Welch and colleague Suzanne Drudge had travelled to Syria to interview a number of Australian women who had fetched up in the camp after Isil disintegrated.
On completing the interviews, he left a tent in the 70,000-strong refugee camp and encountered Aden with her two surviving children.
“She was obviously terrified. I could see her hands shaking. She explained how worried she was, not only for herself but mainly for the kids. She was terrified she was going to lose the baby.”
Welch said Aden wanted to leave Syria and she was clear about where she hoped to go. “I’m pretty sure she said to us she just wanted to come home and by that, she meant Australia.”
Welch said Aden had spoken of travelling to Turkey with the intent of going to Syria but changing her mind at the last minute.
However, according to Aden, she was with a group bound for the war-torn country and was unable to escape from them.
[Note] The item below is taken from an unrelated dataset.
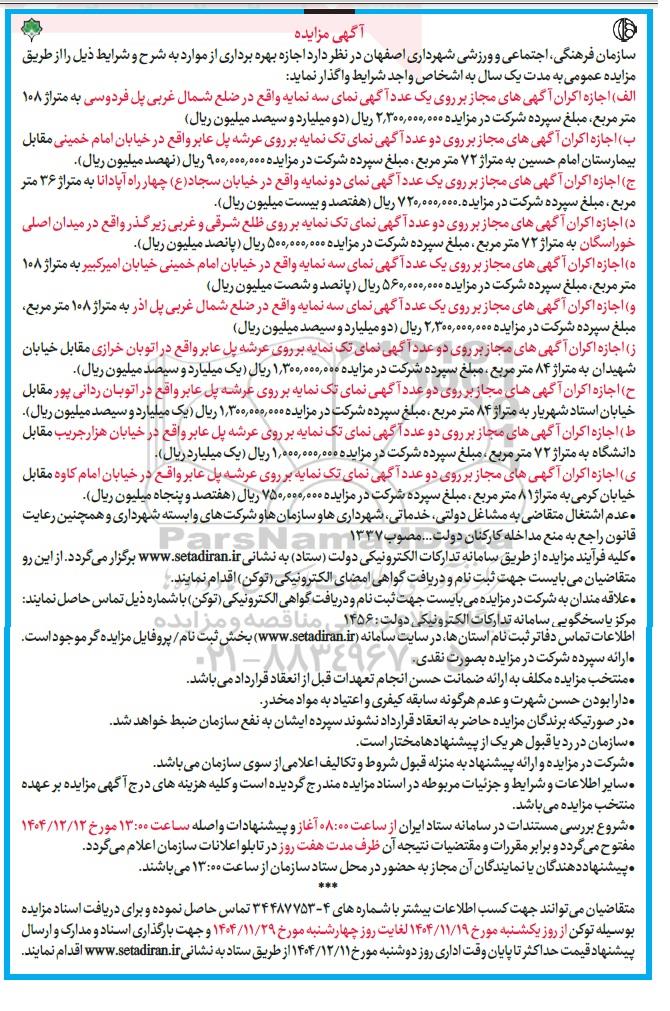 سازمان فرهنگی اجتماعی و ورزشی شهرداری اصفهان در نظر دارد اجازه بهره برداری از موارد به شرح و شرایط ذیل را از طریق مزایده عمومی به مدت یک سال به اشخاص واجد شرایط واگذار نماید
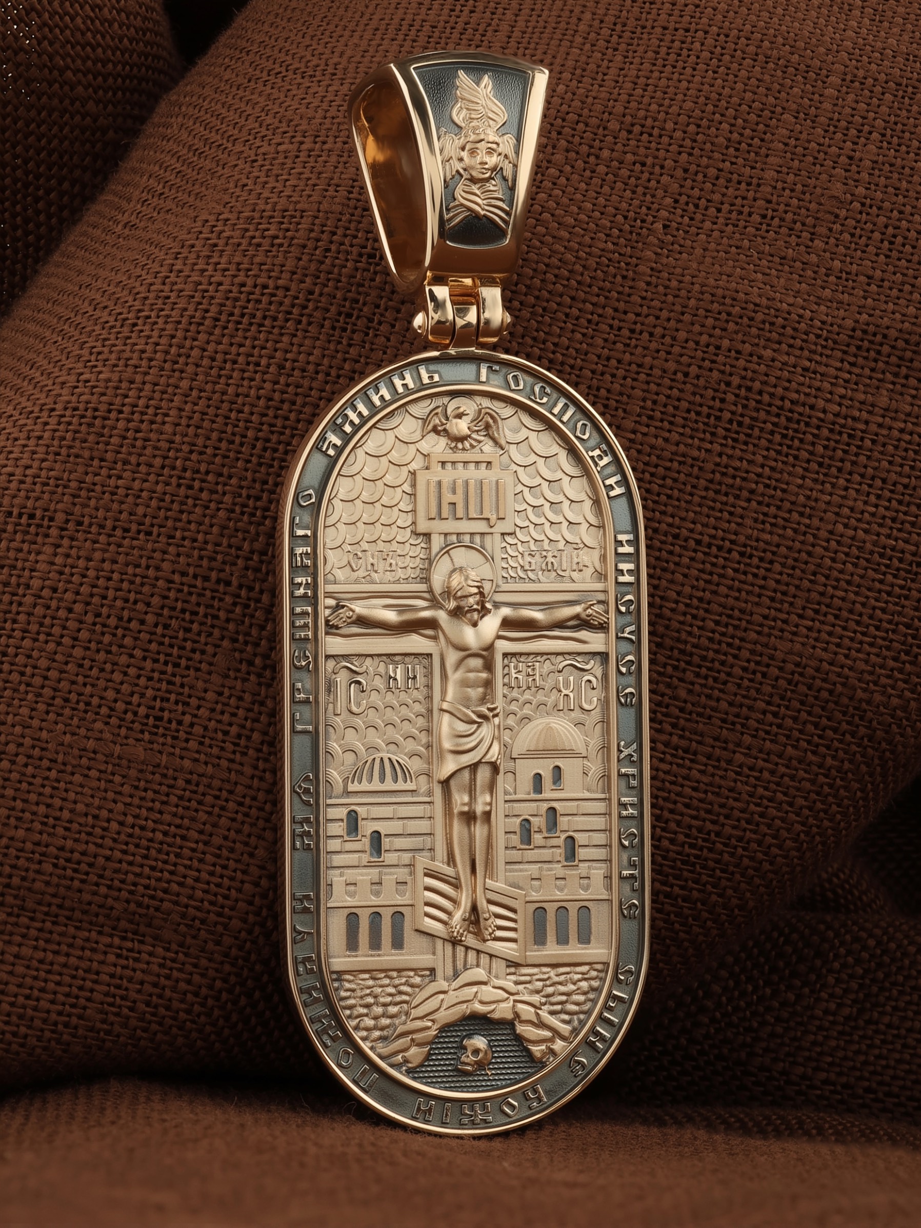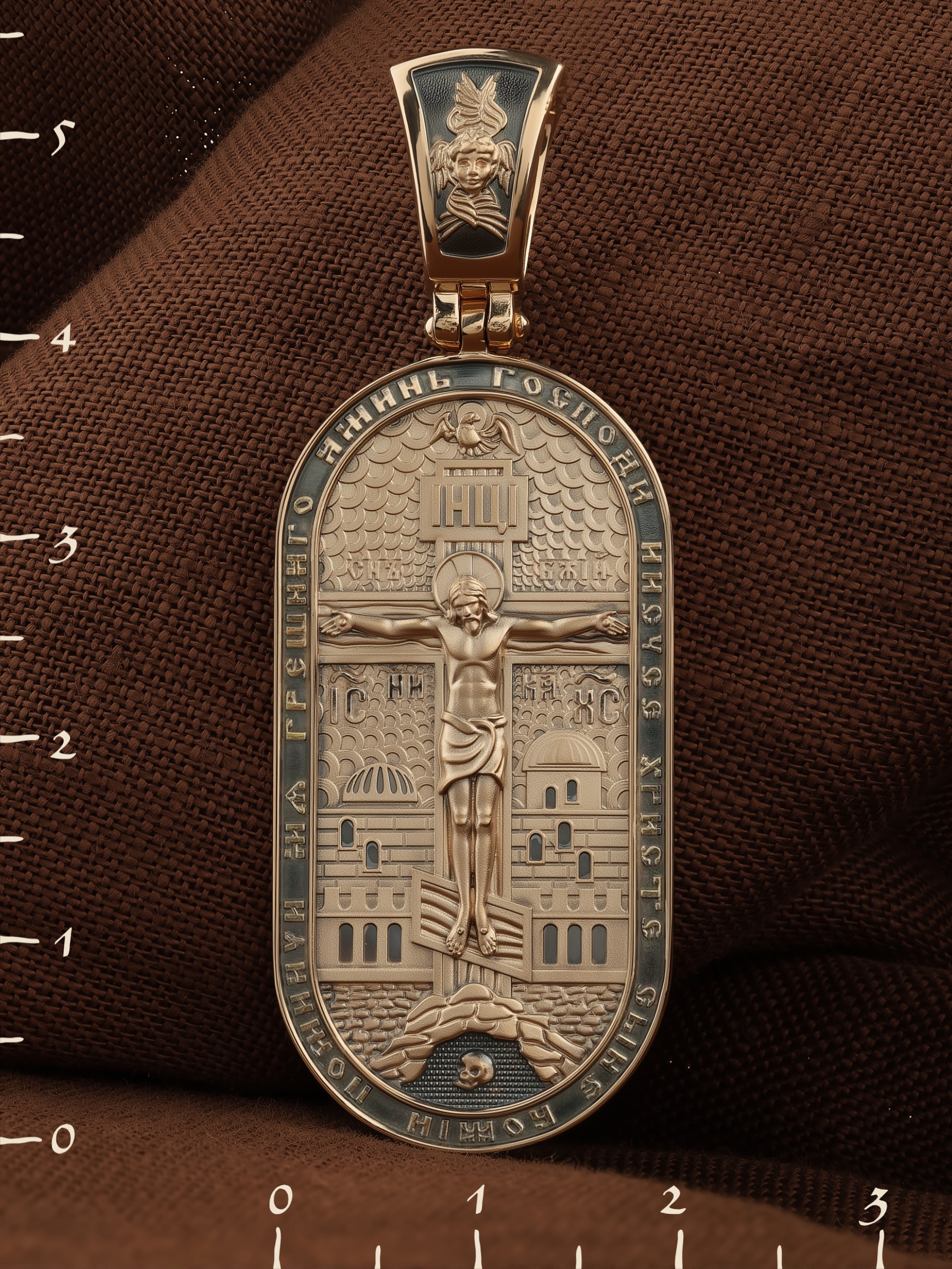 По контуру образка написана молитва: «Господи Иисусе Христе, Сыне Божий, помилуй мя грешного. Аминь». На кулонном кольце изображен шестикрылый Серафим — самый приближенный к Господу Ангел

She was kept in a van and driven across the border. “Next thing she knew, she was in Syria.”
The transtasman row that saw Ardern deliver a broadside to Morrison cooled yesterday, with her tone more conciliatory after a phone conversation with the other leader.
She confirmed that there was the possibility of other cases emerging similar to Aden’s, and why that underscored the need for New Zealand and Australia to work together.
“That was one of the reasons we needed to address this as close partners and friends because rather than just taking an arbitrary view on all of those cases we should have looked at all of those cases and say ‘who is responsible for whom?’.”
Ardern said the question of how to deal with Aden if she returned to New Zealand was still some distance from needing to be resolved.
“This is still an individual who is at the Turkish border,” Ardern said. It was unknown, as yet, whether she would face charges there, or if New Zealand was her ultimate destination.
If she did return, Ardern assured the country steps would be taken to meet and deal with any extreme beliefs she carried with her. “We will be making every effort (if she did return) to ensure we know as much as possible to support and protect New Zealanders.”
Victoria University Centre for Strategic Studies senior fellow Jim Rolfe said the trans-Tasman scrap showed “family fights can be fiercer than fights with non-family”.
“No doubt she feels let down having raised the issue with Morrison two years ago. On top of that, there is the continual irritation of Australia exporting its criminals, most of them socialised in Australia, to New Zealand.”
Rolfe said it was possible Morrison had simply forgotten to tell Ardern he had cancelled the passport. “Unless he wants a fight with New Zealand – and I can’t see that he would want a fight – I would go for the cock-up over conspiracy. He might have completely forgotten.”
Rolfe said New Zealand wasn’t suffering this treatment from Australia because it was smaller, and the junior partner in the transtasman relationship.
He said Australia would likely take the same approach with other allies such as the United Kingdom or the United States. “It’s much easier with New Zealand.”